Risk-of-bias assessment

The risk-of-bias assessment of the included studies is shown in Table 3. None of the studies met all the criteria. Most of the studies (all k = 19) had an unclear or high risk in terms of sequence generation, allocation concealment, blinding of participants and personnel, and blinding of outcome assessors. Subgroup analysis was not performed for these criteria because a substantial risk of bias was already demonstrated in these assessments. Five studies had a high risk of incomplete outcome data, and one study had a high risk of selective outcome reporting.

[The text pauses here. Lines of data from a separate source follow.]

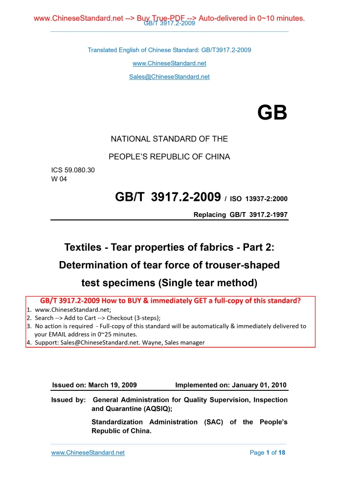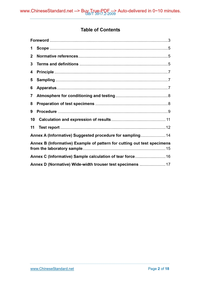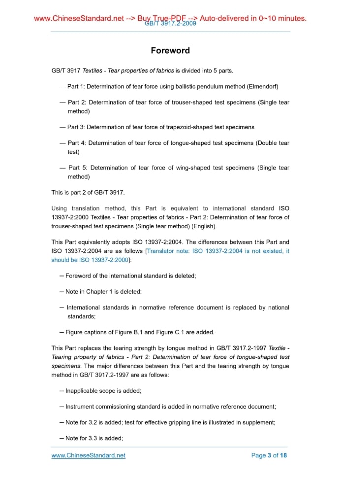 Similar standardsGB/T 3917.2-2009: Textile -- Tear properties of fabrics -- Part 2: Determination of tear force of trouser-shaped test specimens (Single tear method)---This is an excerpt. Full copy of true-PDF in English version (including equations, symbols, images, flow-chart, tables, and figures etc.), auto-downloaded/delivered in 9 seconds, can be purchased online: https://www.ChineseStandard.net/PDF.aspx/GBT3917.2-2009 Textile - Tear properties of fabrics - Part 2. Determination of tear force of trouser-shaped test specimens (Single tear method) ICS 59.080.30 W04 National Standards of People's Republic of China GB/T 3917.2-2009/ISO 13937-2.2000 Replace GB/T 3917.2-1997 Textile fabric tearing performance Part 2. Pants sample (single seam) Determination of tear strength (ISO 13937-2.2000, IDT) Released on.2009-03-19 2010-01-01 implementation General Administration of Quality Supervision, Inspection and Quarantine of the People's Republic of China China National Standardization Administration issued ForewordGB/T 3917 "Tattoo Performance of Textile Fabrics" includes the following five parts. --- Part 1. Determination of the tearing strength of the impact pendulum method; ---Part 2. Determination of the tear strength of the pants sample (single seam); ---Part 3. Determination of tear strength of trapezoidal specimens; --- Part 4. Determination of tear strength of tongue specimens (double seams); --- Part 5. Determination of tear strength of wing specimens (single seams). This part is the second part of GB/T 3917. This section uses the translation method equivalent to ISO 13937-2.2000 "Textile fabric tearing performance Part 2. Pants sample (single Sewing) Determination of tear strength (English version). This section is equivalent to ISO 13937-2.2004, which has the following differences compared to ISO 13937-2.2004. --- Removed the preface to international standards; --- Removed the note in Chapter 1; --- The normative reference documents replaced the corresponding international standards by Chinese standards; --- Added Figure B. 1 and Figure C. 1 picture title. This part replaces GB/T 3917.2-1997 "Tearing properties of textile fabrics - Part 2. Determination of tear strength of tongue-shaped specimens" Single tongue method. The main differences between this part and GB/T 3917.2-1997 single tongue method are. --- Increased the scope of inapplicability; --- Normative references increase the standard for instrument debugging; --- Added a note of 3.2 to supplement the test of the effective clamping line; --- Added a note of 3.3; --- Added a note of 3.4 to illustrate the method of selecting the effective peak; --- Added the specific standard for instrument commissioning in 6.1 General; ---The width of the clamp is modified from at least 50mm to 75mm; ---Added a wide sample with a width of.200mm and its operation method; --- Increased the ratio of the paper feed rate of the recording paper in 9.4 to the elongation rate of the instrument is 2.1; --- Edited changes to 10.1.1, and deleted note 2; --- Increased the calculation of the maximum peak average of 6 samples per sample; --- Appendix C adds an approximate calculation method for peak selection. Appendix D of this section is a normative appendix. Appendix A, Appendix B, and Appendix C are informative annexes. This part was proposed by the China Textile Industry Association. This part is under the jurisdiction of the Basic Standards Branch of the National Textile Standardization Technical Committee (SAC/TC209/SC1). This section is mainly drafted by. Suzhou Fiber Inspection Institute, China Textile Standard (Beijing) Inspection and Certification Center Co., Ltd. The main drafters of this section. Hang Zhiwei, Wang Ning, Wang Huan, Wang Haijuan, and Jing Jing. The previous versions of the standards replaced by this section are. ---GB/T 3917-1983, GB/T 3917.2-1997. GB/T 3917.2-2009/ISO 13937-2.2000 Textile fabric tearing performance Part 2. Determination of tear strength of pants-shaped specimens (single seams)1 ScopeThis part of GB/T 3917 specifies a method for determining the tear strength of a fabric using a single slit pant sample method. In the direction of tearing strength The force required to tear the fabric from the initial single slit slit to the specified length is measured. This section is mainly applicable to woven fabrics, and can also be applied to fabrics made by other technical methods, such as non-woven fabrics. This section does not apply to knitted fabrics, woven elastic fabrics, and sparse fabrics that have the potential to cause tear transfer and have higher anisotropy. Fabric. This section specifies the use of a constant velocity elongation (CRE) tester.2 Normative referencesThe terms in the following documents become the provisions of this part by reference to this part of GB/T 3917. Quotations with dated And all subsequent amendments (not including errata content) or revisions do not apply to this section, however, it is encouraged to The parties to the discussion use the latest version of these documents. For undated references, the latest edition applies to this section. GB/T 6529 Standard atmosphere for textile conditioning and testing (GB/T 6529-2008, ISO 139.2005, MOD) GB/T 16825.1 Inspection of static single-axis testing machines - Part 1 . Examination and calibration of force measuring systems for tension and/or pressure testing machines Standard (GB/T 16825.1-2008, ISO 7500-1..2004, IDT) GB/T 19022 Measurement management system measurement process and measurement equipment requirements (GB/T 19022-2003, ISO 10012. 2003, IDT)3 Terms and definitionsThe following terms and definitions apply to this part of GB/T 3917. 3.1 Throughout the test, one clamp was fixed and the other clamp was used as a tensile tester for constant speed motion. 3.2 The distance between the two effective clamping lines on the test device. Note. The effective clamping line of the chuck can be measured by simultaneously clamping the sample spe
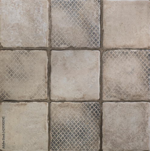 © serikbaib, Naklejka premium ceramic kitchen tile for floor, vintage abstract geometric mosaic pattern
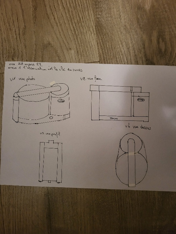 Bonjour 79jay79, Bravo pour ton dessin, c'est vraiment pas mal pour un début ! :) Voici ma correction dessinée pour t'améliorer. Essaie de voir l'objet dans son ensemble, comme plusieurs éléments géométriques simples qui s'emboîtent. Attention à tes élipses et à ta perspective dans la vue de 3/4. Bon courage pour les prochaines vues :)
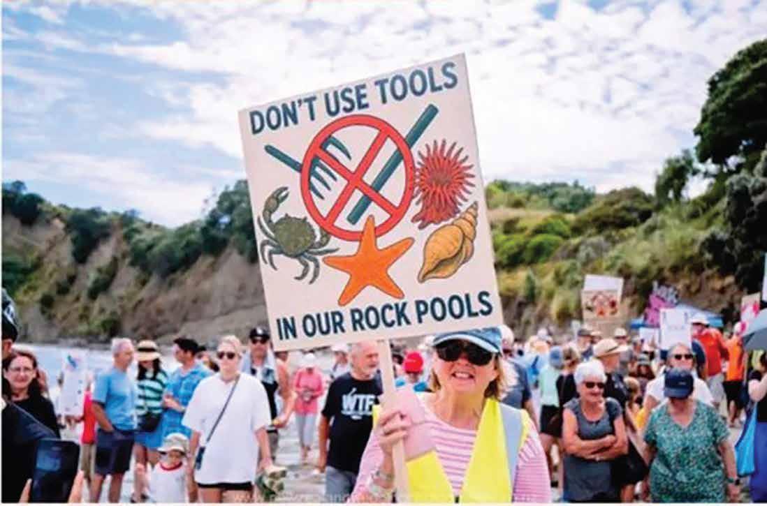Fisheries o cials and some researchers instead highlight population growth and changing food preferences across a more diverse Auckland as drivers of pressure, stressing that many people from various backgrounds are gathering within legal limits. But in their current mood the local residents will not be satisfied until action is taken. In similar situations here and overseas the operational measures include: seasonal closures timed to spawning or recruitment, gear restrictions (e.g. bans on crowbars or chisels on rocky shores), and strict daily bag and size limits for intertidal
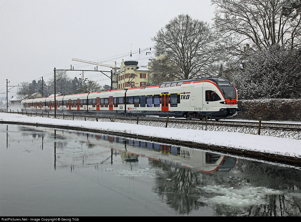 | Brandnew sixcar trainset FLIRT from StadlerRail on a test run from Bussnang to Sulgen. The dual system train (3000 V DC/15000 V 16,7 Hz AC) is for the daugther company TILO (Treni Regionali Ticino Lombardia), a joint venture of SBB and Trenitalia for regional traffic. |
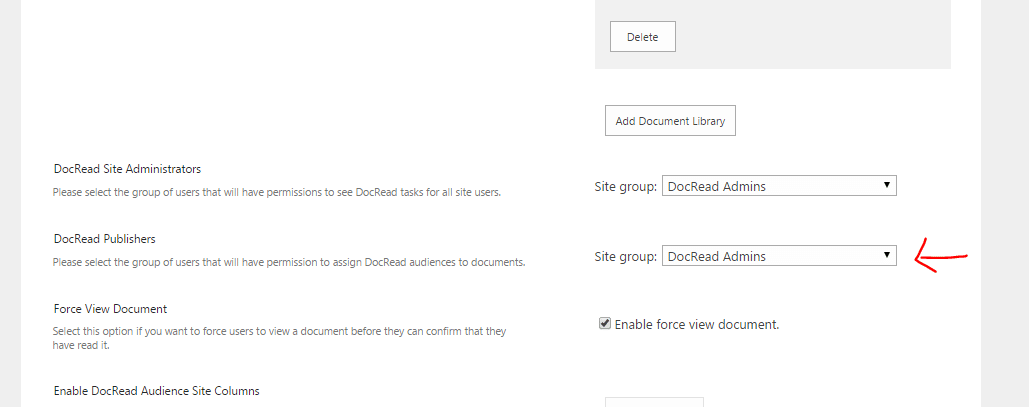 1. Navigate the ‘DocRead Site Settings’ screen (in the site that contains your document library).
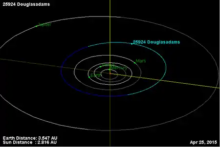 (25924) Дугласадамс (англ. Douglasadams) — типичный астероид главного пояса, который был обнаружен 19 февраля 2001 года в рамках проекта LINEAR в обсерватории Сокорро и назван в честь английского писателя-фантаста Дугласа Адамса, в связи с тем что предварительное название астероида (2001 DA42) содержит в себе год смерти писателя, его инициалы и «ответ на главный вопрос жизни, Вселенной и всего вообще» — 42, как он звучит в романе Адамса «Путеводитель по галактике для путешествующих автостопом»[2][3].

The remaining studies had a low level of risk for the two criteria. Thus, subgroup analysis was performed for only incomplete outcome data for both outcomes: sleepiness (Table 5c), low risk (g = 0.474, 95% confidence interval [CI] = 0.089–0.290, p < 0.001) and high risk (g = 0.190, 95% CI = 0.339–0.609, p < 0.001); phase shift (Table 6c), low risk (g = 1.150, 95% CI = 0.718–1.583, p < 0.001) and high risk (g = 0.857, 95% CI = 0.223–1.491, p = 0.008). Overall, these results indicate that the risk of selective outcome reporting was low; however, the other five criteria of bias substantially influenced the effects of the outcomes.

Table 3.

Risk-of-Bias assessment of included studies.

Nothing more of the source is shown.